Google has released Chrome 42, a major security upgrade to the browser that includes patches for 45 vulnerabilities.
The latest version of Chrome carries with it fixes for a number of high-severity bugs, including a cross-origin bypass in the HTML parser. That vulnerability earned an anonymous security researcher a reward of $7,500 from Google. In all, the company paid out more than $21,000 in rewards to external researchers who reported bugs fixed in this version.

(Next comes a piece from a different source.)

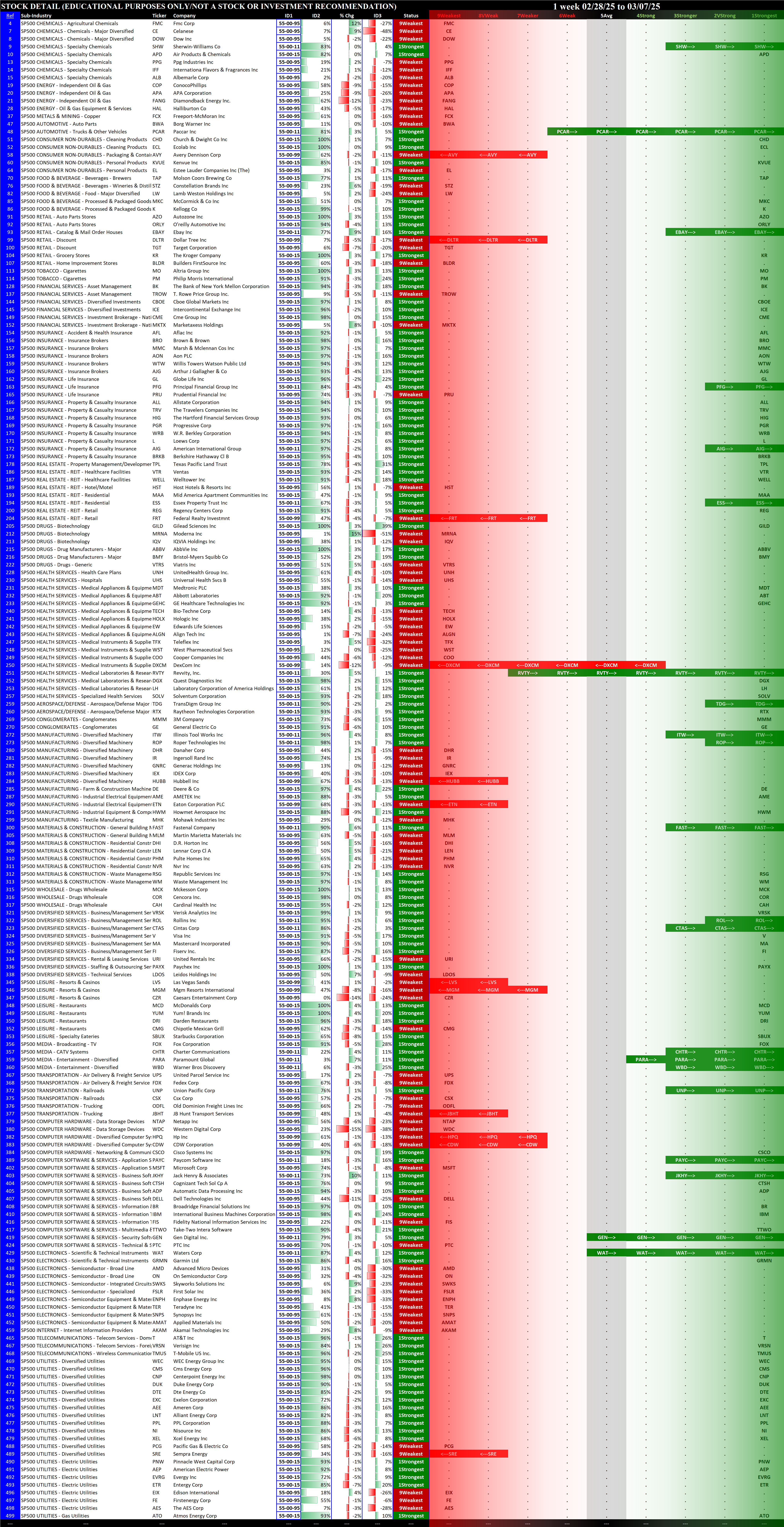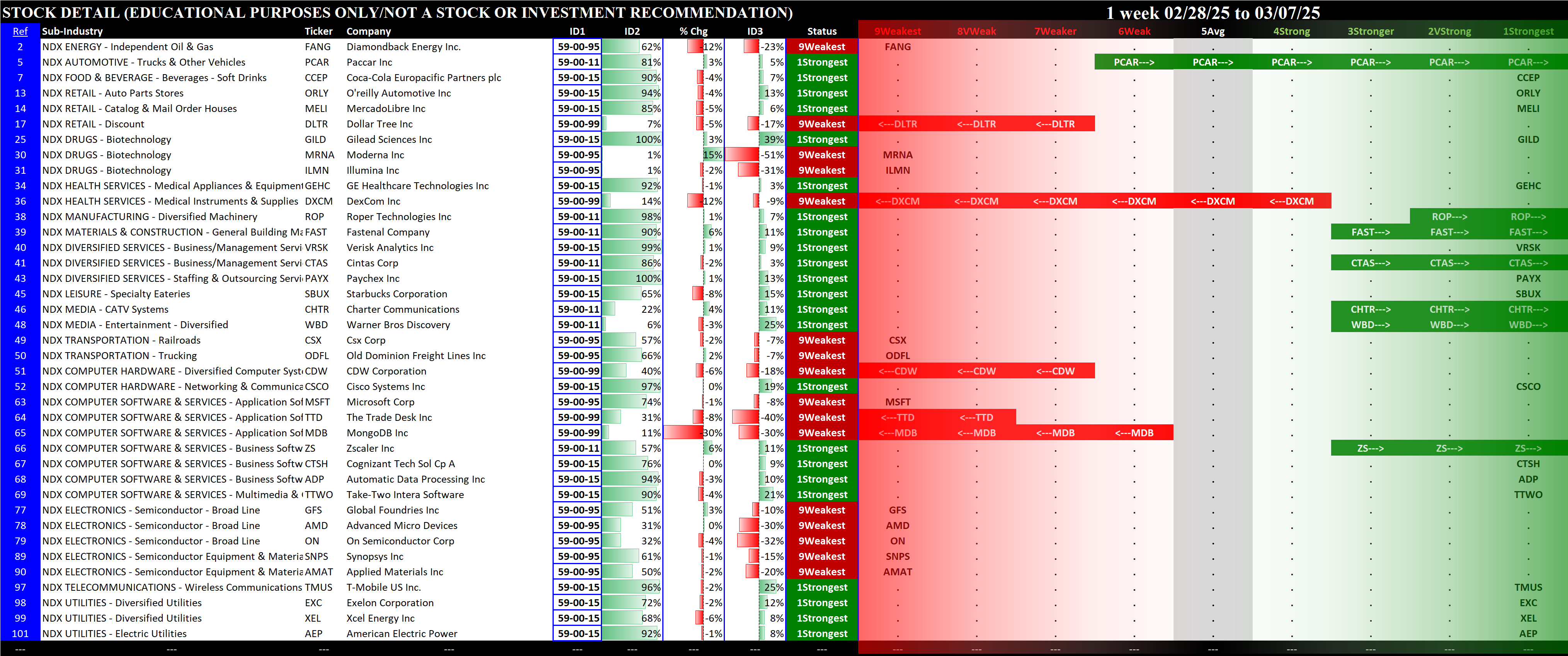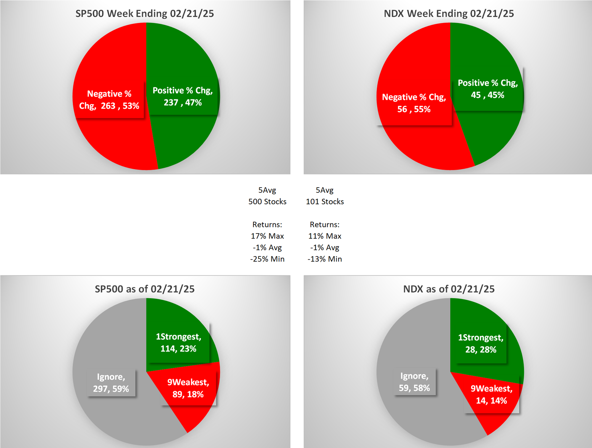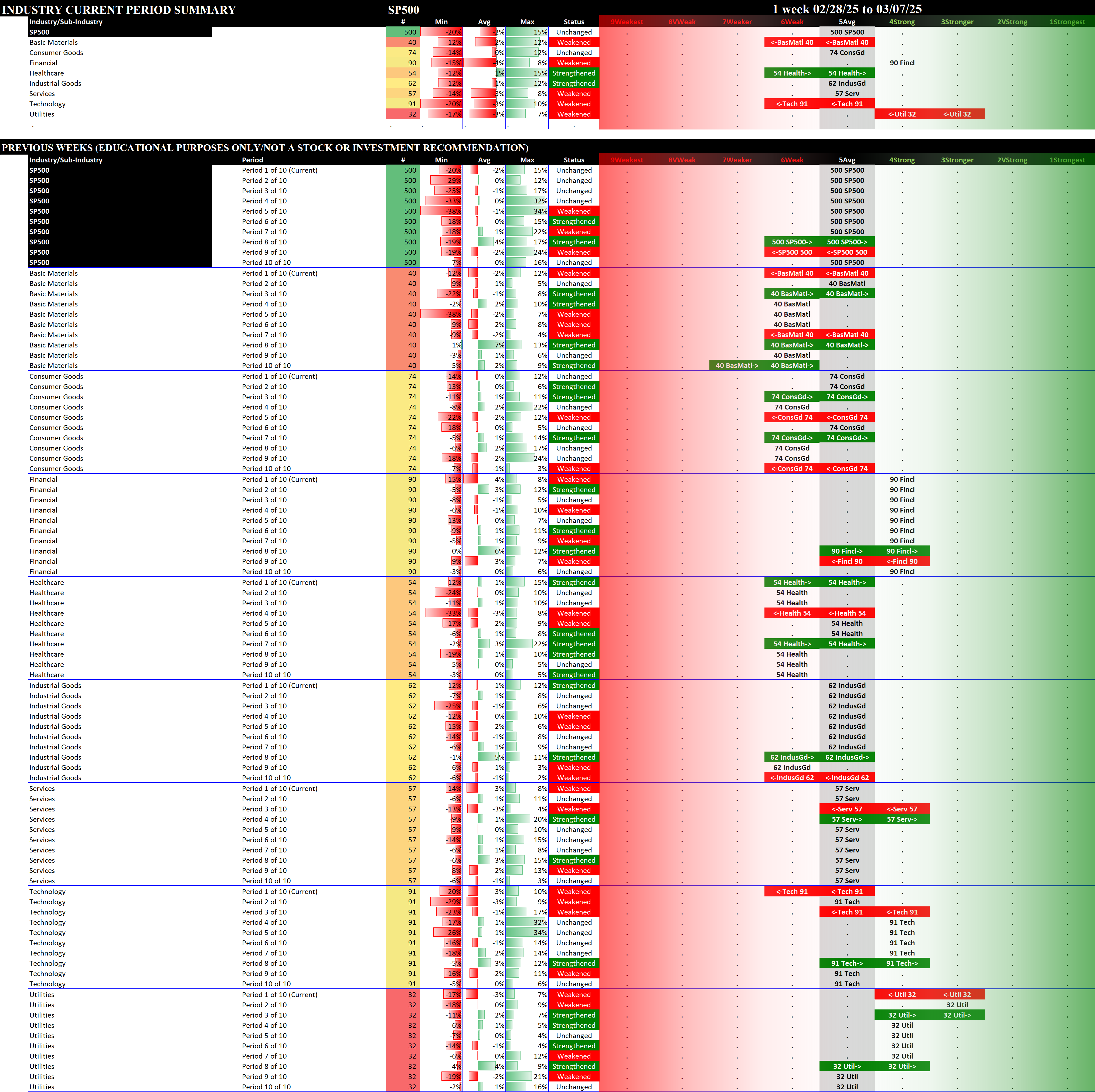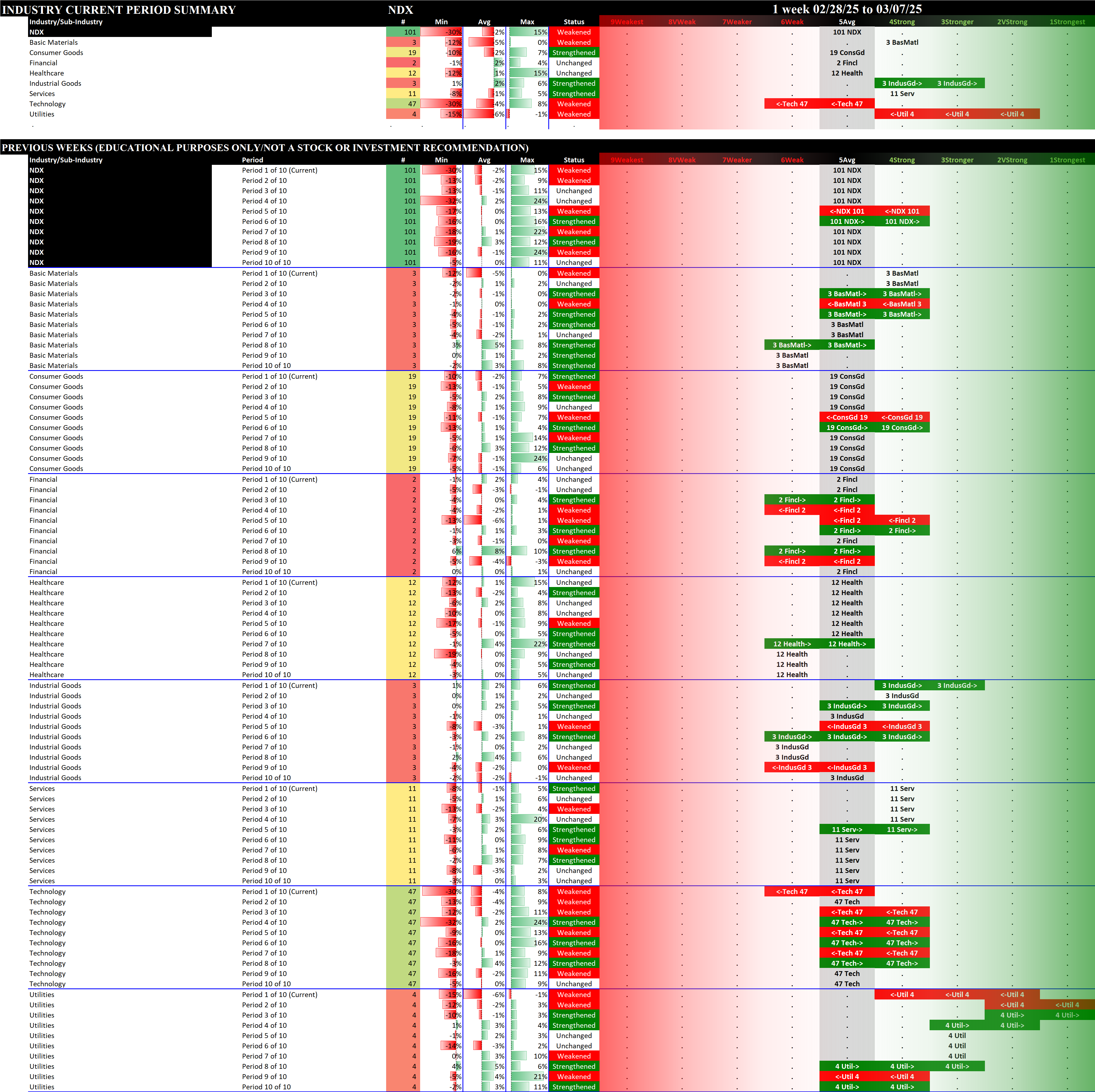 This analysis provides a Stock Market Organizer summary view of the S&P 500 and Nasdaq 100 for the week ended Friday, 03/07/25. This means this is a stock-by-stock strength analysis of the component stocks for each index, aggregated upward in level to the sector and index levels.

Among the other serious flaws patched in Chrome 42 is a use-after-free in the IPC component of the browser and a type confusion bug in the V8 engine. There also is a cross-origin bypass in the Blink layout engine, for which Google paid a $4,000 reward to researcher Amitay Dobo.
The list of security vulnerabilities fixed in Chrome 42 for which Google paid rewards:
[$7500][456518] High CVE-2015-1235: Cross-origin-bypass in HTML parser. Credit to anonymous.
[$4000][313939] Medium CVE-2015-1236: Cross-origin-bypass in Blink. Credit to Amitay Dobo.
[$3000][461191] High CVE-2015-1237: Use-after-free in IPC. Credit to Khalil Zhani.
[$2000][445808] High CVE-2015-1238: Out-of-bounds write in Skia. Credit to cloudfuzzer.
[$1000][463599] Medium CVE-2015-1240: Out-of-bounds read in WebGL. Credit to w3bd3vil.
[$1000][418402] Medium CVE-2015-1241: Tap-Jacking. Credit to Phillip Moon and Matt Weston of Sandfield Information Systems.
[$500][460917] High CVE-2015-1242: Type confusion in V8. Credit to fcole@onshape.com.
[$500][455215] Medium CVE-2015-1244: HSTS bypass in WebSockets. Credit to Mike Ruddy.
[$500][444957] Medium CVE-2015-1245: Use-after-free in PDFium. Credit to Khalil Zhani.
[$500][437399] Medium CVE-2015-1246: Out-of-bounds read in Blink. Credit to Atte Kettunen of OUSPG.
[$500][429838] Medium CVE-2015-1247: Scheme issues in OpenSearch. Credit to Jann Horn.
[$500][380663] Medium CVE-2015-1248: SafeBrowsing bypass. Credit to Vittorio Gambaletta (VittGam).
In addition to the bugs reported by external researchers, Google also fixed a number of flaws discovered through its own internal audits and research.